Whether the dispute is being resolved through international arbitration, domestic arbitration, security of payment adjudication, mediation, expert determination or dispute board proceedings, our team understands the specific requirements applicable to each forum and each jurisdiction. We serve as arbitrators, adjudicators, mediators, expert determiners and dispute board members, bringing expertise in construction and infrastructure matters and precise knowledge of Australian procedural frameworks to every engagement.

Our Expertise

How We Can Assist

Expert Services International can provide dispute resolution services to parties involved in construction and infrastructure disputes across all Australian states and territories. Our services include acting as arbitrator, expert determiner, mediator, adjudicator and dispute board member. We also provide expert witness reports and testimony addressing quantum, delay, disruption, construction defects, contractual interpretation, variations, liquidated damages and claims for set-off.

We prepare claims submissions, expert reports and advocacy for use in arbitration, expert determination, mediation, adjudication and dispute board proceedings. We can assist parties with the preparation and presentation of claims and defences across all forms of dispute resolution.

Service Scope

Dispute Resolution Services

Arbitration

Acting as arbitrator in domestic and international arbitration proceedings. We manage all aspects of arbitral procedure, conduct efficient hearings and deliver reasoned awards addressing the issues in dispute in accordance with applicable law and the parties' contractual framework.

Expert Determination

Acting as expert determiner under contractual expert determination clauses and institutional rules. Expert determination provides a binding resolution of technical and valuation disputes by a suitably qualified professional, typically within a shorter timeframe than arbitration or litigation.

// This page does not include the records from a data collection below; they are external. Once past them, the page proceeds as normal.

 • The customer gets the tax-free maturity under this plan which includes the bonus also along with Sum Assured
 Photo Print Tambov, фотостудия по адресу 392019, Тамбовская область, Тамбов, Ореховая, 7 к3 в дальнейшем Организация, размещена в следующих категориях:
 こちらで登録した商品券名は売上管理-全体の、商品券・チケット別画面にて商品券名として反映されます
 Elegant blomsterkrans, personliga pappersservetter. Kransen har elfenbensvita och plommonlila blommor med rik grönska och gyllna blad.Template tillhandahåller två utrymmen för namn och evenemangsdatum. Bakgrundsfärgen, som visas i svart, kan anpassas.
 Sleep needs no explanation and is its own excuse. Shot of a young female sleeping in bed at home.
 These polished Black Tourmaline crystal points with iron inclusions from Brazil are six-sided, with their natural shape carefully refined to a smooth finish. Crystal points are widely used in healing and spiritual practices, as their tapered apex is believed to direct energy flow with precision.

Expert Witness Reports and Testimony

Preparation of expert reports addressing quantum, delay, disruption, construction defects, contractual interpretation, variations, liquidated damages and claims for set-off. We provide expert testimony in arbitration, court proceedings, mediation, adjudication and expert determination proceedings.

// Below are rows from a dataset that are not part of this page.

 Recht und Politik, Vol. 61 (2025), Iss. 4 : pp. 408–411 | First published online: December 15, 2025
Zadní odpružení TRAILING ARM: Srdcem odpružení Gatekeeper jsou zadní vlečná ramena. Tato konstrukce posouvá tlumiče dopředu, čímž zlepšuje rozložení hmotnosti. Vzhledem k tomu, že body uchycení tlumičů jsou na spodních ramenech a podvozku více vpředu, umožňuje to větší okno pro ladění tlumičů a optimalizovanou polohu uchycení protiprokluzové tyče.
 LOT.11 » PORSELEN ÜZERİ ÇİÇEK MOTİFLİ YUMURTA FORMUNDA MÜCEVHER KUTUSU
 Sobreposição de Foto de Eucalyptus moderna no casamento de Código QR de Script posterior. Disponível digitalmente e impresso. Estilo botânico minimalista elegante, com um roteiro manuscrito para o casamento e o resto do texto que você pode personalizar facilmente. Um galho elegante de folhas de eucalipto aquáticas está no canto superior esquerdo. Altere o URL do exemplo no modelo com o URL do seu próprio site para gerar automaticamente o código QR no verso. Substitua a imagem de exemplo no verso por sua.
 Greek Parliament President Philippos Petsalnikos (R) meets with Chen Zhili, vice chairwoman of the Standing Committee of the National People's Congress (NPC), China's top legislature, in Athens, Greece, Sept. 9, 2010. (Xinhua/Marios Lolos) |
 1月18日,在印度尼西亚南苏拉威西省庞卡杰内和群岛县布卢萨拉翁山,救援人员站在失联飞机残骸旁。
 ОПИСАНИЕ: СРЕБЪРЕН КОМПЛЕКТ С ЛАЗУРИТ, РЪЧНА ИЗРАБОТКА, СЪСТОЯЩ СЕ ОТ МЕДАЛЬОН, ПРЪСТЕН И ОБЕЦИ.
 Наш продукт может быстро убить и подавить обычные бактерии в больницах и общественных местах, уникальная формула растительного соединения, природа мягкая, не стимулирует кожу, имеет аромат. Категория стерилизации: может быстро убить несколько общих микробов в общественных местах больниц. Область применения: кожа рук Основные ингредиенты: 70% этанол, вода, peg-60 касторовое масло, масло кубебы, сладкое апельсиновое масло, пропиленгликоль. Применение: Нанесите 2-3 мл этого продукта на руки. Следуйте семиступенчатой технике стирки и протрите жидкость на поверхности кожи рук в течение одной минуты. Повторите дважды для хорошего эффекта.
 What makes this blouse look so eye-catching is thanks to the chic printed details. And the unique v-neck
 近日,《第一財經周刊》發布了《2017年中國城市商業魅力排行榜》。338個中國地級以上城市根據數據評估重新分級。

Mediation and Conciliation

Acting as mediator and providing mediation services to assist parties in reaching a negotiated resolution of disputes. We facilitate structured discussions, assist in identifying common ground and help parties achieve settlement without the need for formal adjudication.

Security of Payment Adjudication

Acting as adjudicator under security of payment legislation across all Australian states and territories. We conduct rapid determinations addressing payment disputes within the compressed timeframes prescribed by the applicable legislation.

Dispute Boards

Acting as dispute board member, chairperson or single neutral on major infrastructure projects. Dispute boards provide a standing mechanism for the rapid resolution of disputes during project execution, maintaining familiarity with the project throughout its duration.